Fresh data out on Thursday showed that US economic growth slowed less than expected last quarter.
What does this mean?
Rate hikes are one of the main weapons the Federal Reserve (the Fed) has in its war on inflation, and it hasn’t been particularly shy about firing them off. But while the economy’s sustained some damage, it still managed to stay on its feet last quarter. After all, a key measure of consumer spending – which makes up the lion’s share of the economy – increased by just over 2%. That’s less than economists expected, sure, but growth is growth. Government spending took its biggest leap in almost two years too, and companies upped their inventories – all of which helped plug the gap left by plunging residential property investments and dwindling exports. On the whole, the news was good: the economy grew at an annualized pace of 2.9%, a slowdown from the previous quarter, but better than the 2.6% economists expected.
Why should I care?
The bigger picture: Time will tell.
There’s no denying that the economy showed pluck last quarter, but some pundits still think rate hikes haven’t had their full impact yet, and reckon they’ll knock the economy into a mild recession as the year wears on. That chimes with a recent survey by Bloomberg: it revealed that economists think the economy will shrink by 0.6% and 0.3% in the second and third quarters of this year – marking a technical recession.

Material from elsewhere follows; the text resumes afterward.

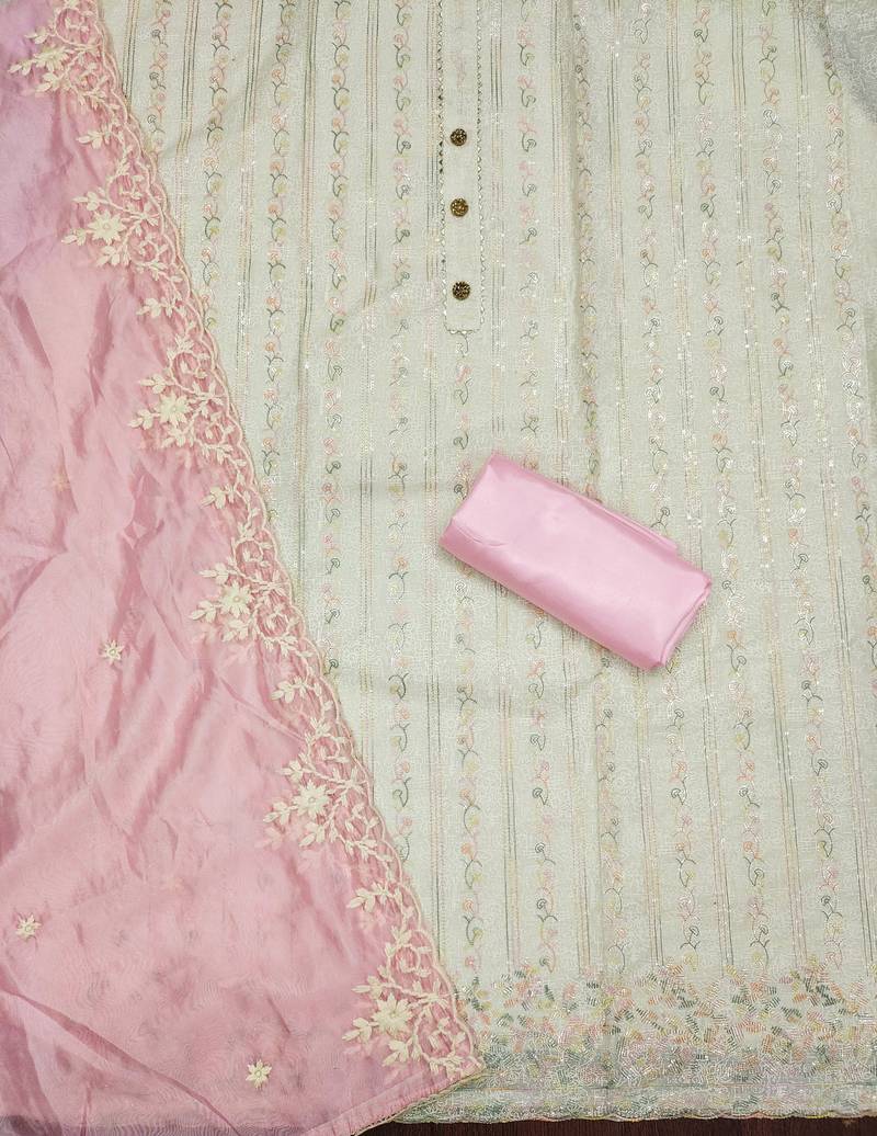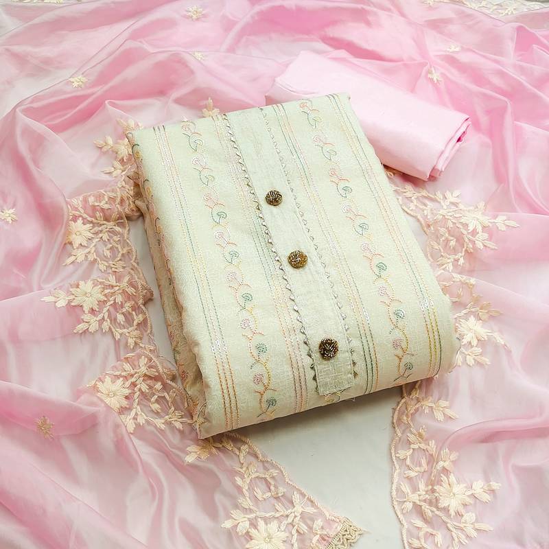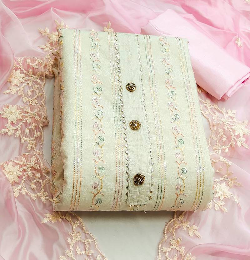 | Product Description | Exclusive Heavy Multi Thread Sequence Embroidery And Print Work With Thread Work Dupatta Straight Style 2.15 Mtr Unstitched Dress Material Top Of Off White Colour Heavy Modal Chanderi Fabric With 2 Mtr Heavy Santoon As Lining Inner Fabric Also Including 4.00 Mtr Unstiched Bottom Material Of Pink Colour Heavy Santoon Fabric With 2.20 Mtr Dupatta Of Pink Colour Heavy Organja Fabric By Shadow & Saining Brand |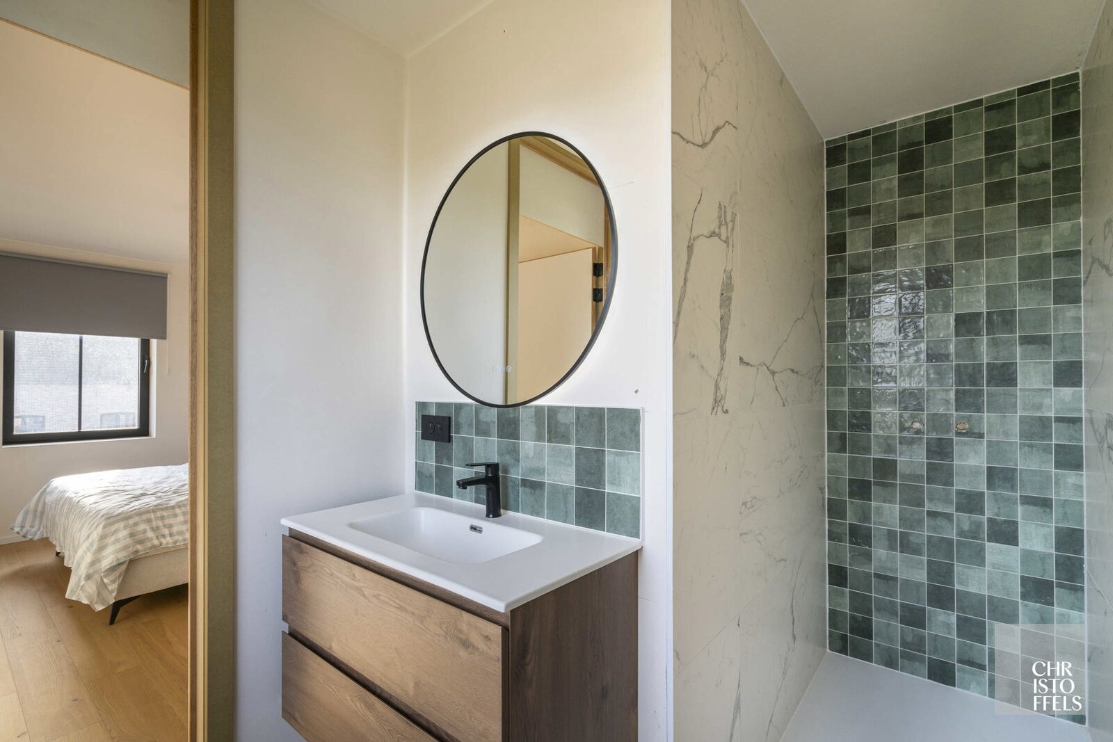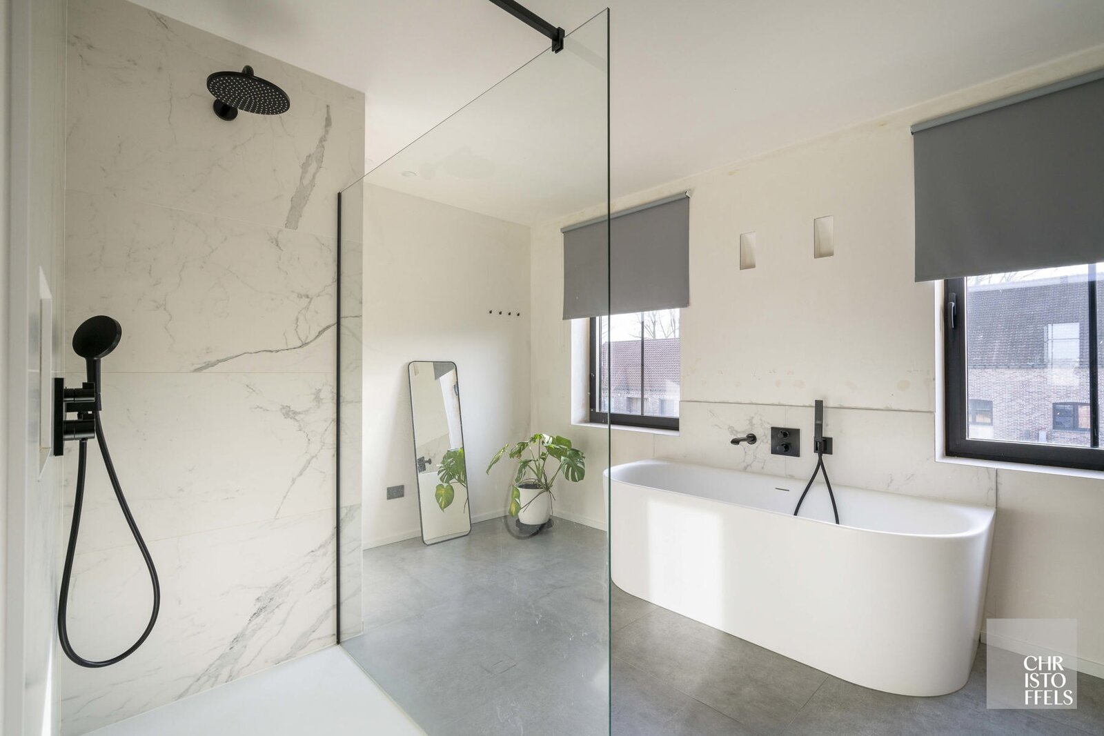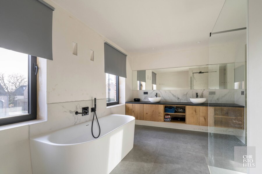 De eerste badkamer beschikt over een ligbad, aparte douche en dubbele wastafel, geïntegreerd in een praktisch badkamermeubel. De tweede badkamer is voorzien van een moderne inloopdouche en enkele wastafel.

Zooming out: Deny all knowledge.
The Fed isn’t done yet: the central bank’s widely expected to hike rates by 0.25 percentage points next week, and eventually bring rates to 5% and hold them there for a while. But while economists are already sounding the recession alarm, the central bank insists a good old “soft landing” is still a possibility. At any rate, there’s no guarantee it’ll fess up if things do take a turn: it kept mum when a technical recession set in last year, after all.